Il lui fallait retrouver cette croix avant
quiconque. La faire exorciser, la détruire. Aidé par ses compagnons
de guerre obscure, il convaincrait Clément V de cette
nécessité. Après tout, le pape, comme ses prédécesseurs, vivait
dans la crainte permanente d'une nouvelle hérésie.
Un sourire détendit le visage charnu de monsieur
de Villanova, et il étouffa un rire.
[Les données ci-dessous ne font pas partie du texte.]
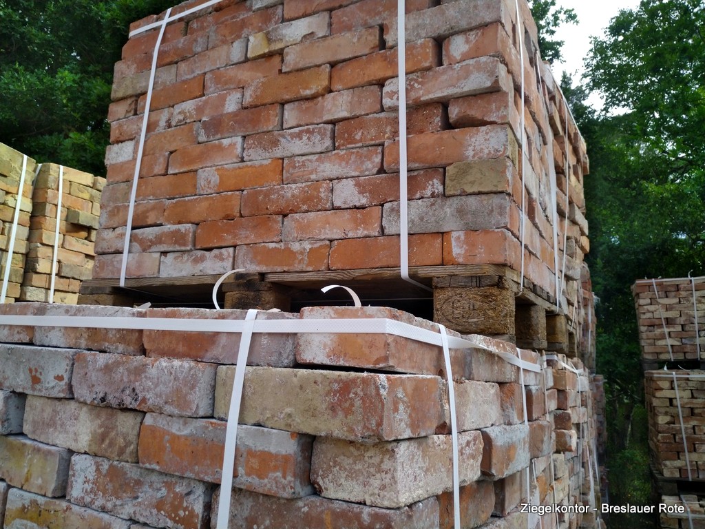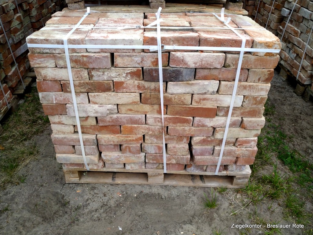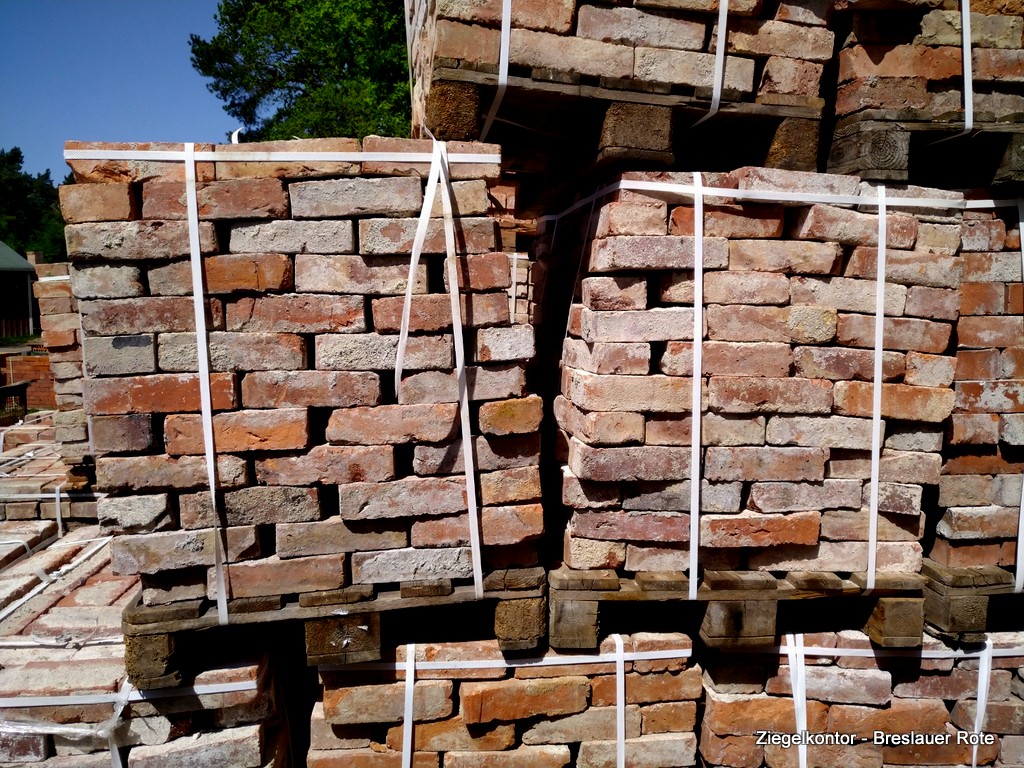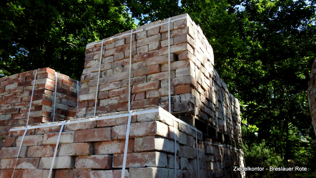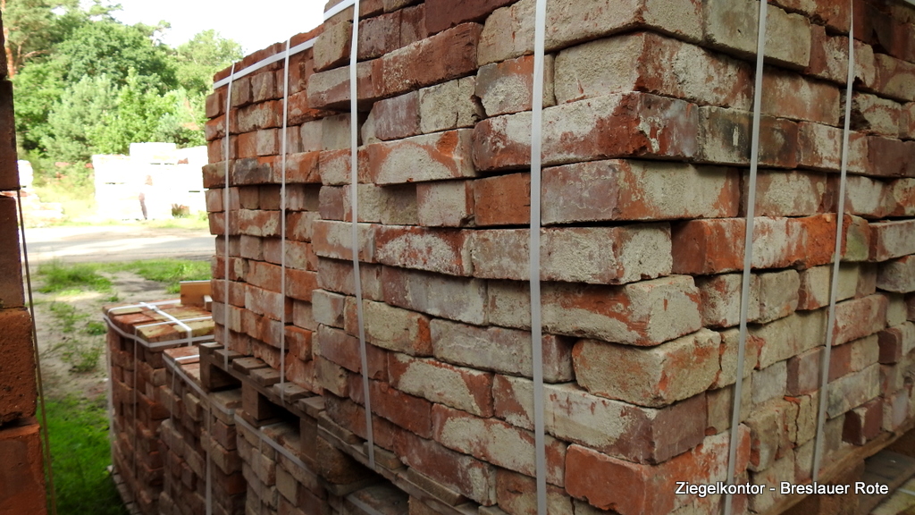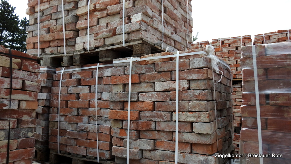 Schroffer, rotbunter, stranggepresster Reichsformat-Ziegeln aus dem Rückbau historischer Bausubstanz im Raum Breslau.
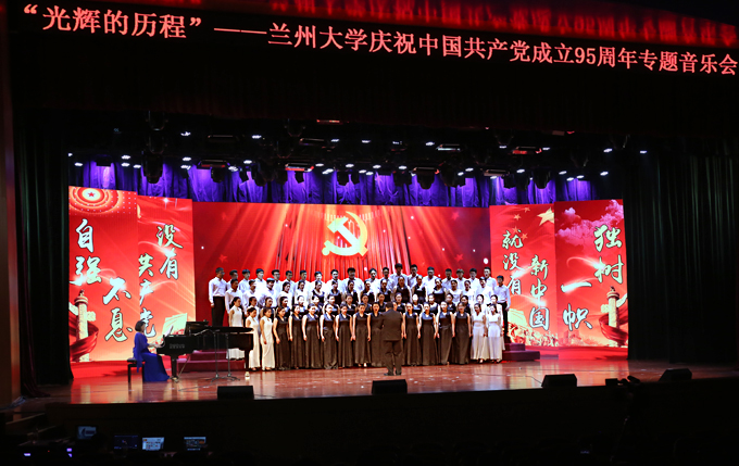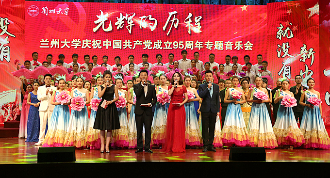 7月1日晚,兰州大学“光辉的历程——庆祝建党95周年专题音乐会”在盘旋路校区学生活动中心礼堂演出。校领导郭琦、曹红和广大师生共同观看演出。
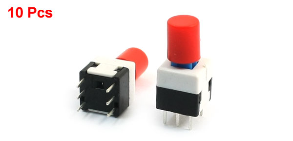 10 Pcs 8 x 8 x 17mm Round Cap Panel Latching Push Button Tact Switch
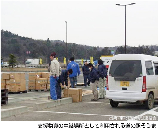 東北管内の道の駅では、被災直後から近隣の多くの避難者を受け入れた。水や食糧の提供をはじめ仮設のトイレ、通行規制などの情報提供も行った。また、支援物資の中継場所や救援活動に携わる人の集合場所、休憩場所にも利用された。
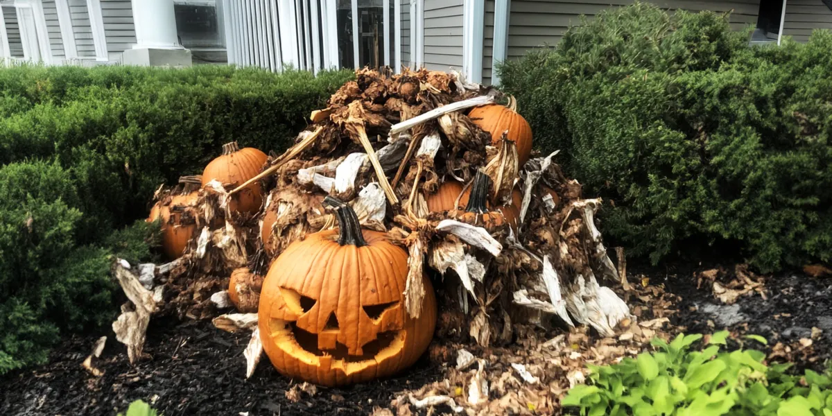 There, right in the middle of my yard, was a heap of rotting pumpkins, dead cornstalks, and broken skeleton pieces. Flies buzzed around, and the smell was unbearable. I stepped closer and saw a note stuck to one of the pumpkins.
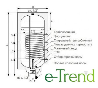 102 л, 16 кВт, время нагрева 120 мин, 108×48×48 см
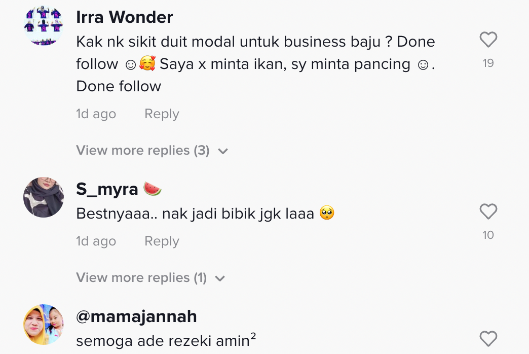 Berikut di bawah adalah antara komen daripada netizen di TikTok:
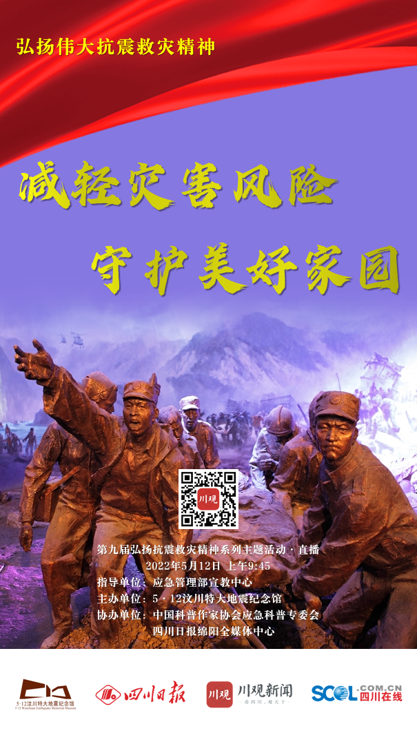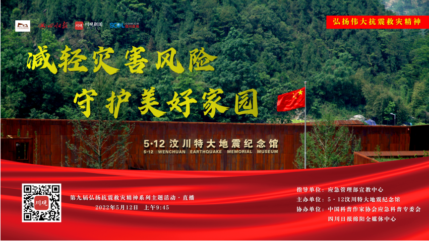 本次直播由應急管理部宣教中心指導,由5·12汶川特大地震紀念館主辦,中國科普作家協會應急科普專委會和四川日報綿陽全媒體中心協辦。屆時,川觀新聞記者將用鏡頭帶你沉浸式參觀5·12汶川特大地震紀念館,一起重溫抗震救災的英雄壯舉,一起見證災后重建的波瀾壯闊,一起學習防災減災的實用知識。
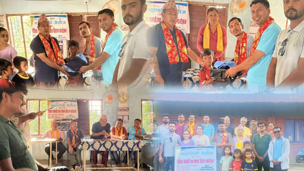 मेचीनगर, झापा । बाहुण्डाँगी जेसीजले अति विपन्न अवस्थाका विद्यार्थीहरूलाई शैक्षिक सामग्री तथा पोशाक वितरण गरेको छ। मेचीनगर–१ स्थित पवित्र माध्यमिक विद्यालयमा आयोजित कार्यक्रममा तीन जना विद्यार्थीलाई सहयोग सामग्री वितरण गरिएको हो।
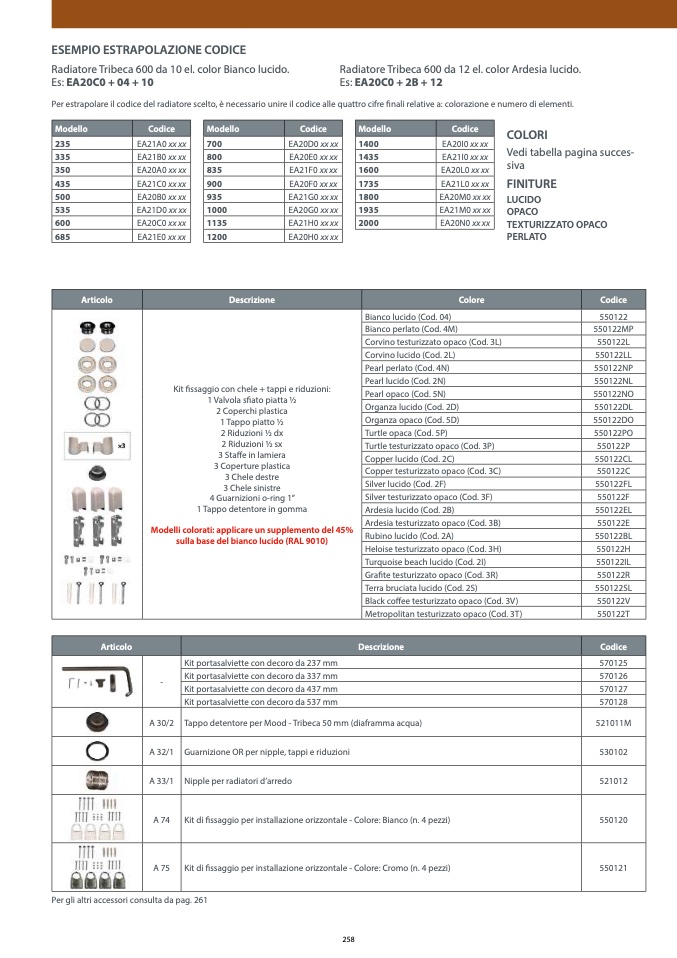 Per estrapolare il codice del radiatore scelto, è necessario unire il codice alle quattro cifre

Un vieillard ?
Soixante-dix-sept ans ? La belle affaire ! Tudieu !
Sornettes de bonne femme en vérité. Il la tiendrait en laisse, la
vieillerie, et encore longtemps. Il avait à nouveau un but, une
mission. Il trouverait l'énergie, la force et la pugnacité qui
allaient avec. Il retrouverait la croix de Béziers.
Un coup sans délicatesse frappé contre sa porte le
releva. La silhouette massive d'un gens d'armes s'encadra dans le
chambranle. Le bonnet à la main, l'homme déclara :
– Votre chariot couvert est prêt, messire.
Les chemins sont encore mauvais, mais on passera.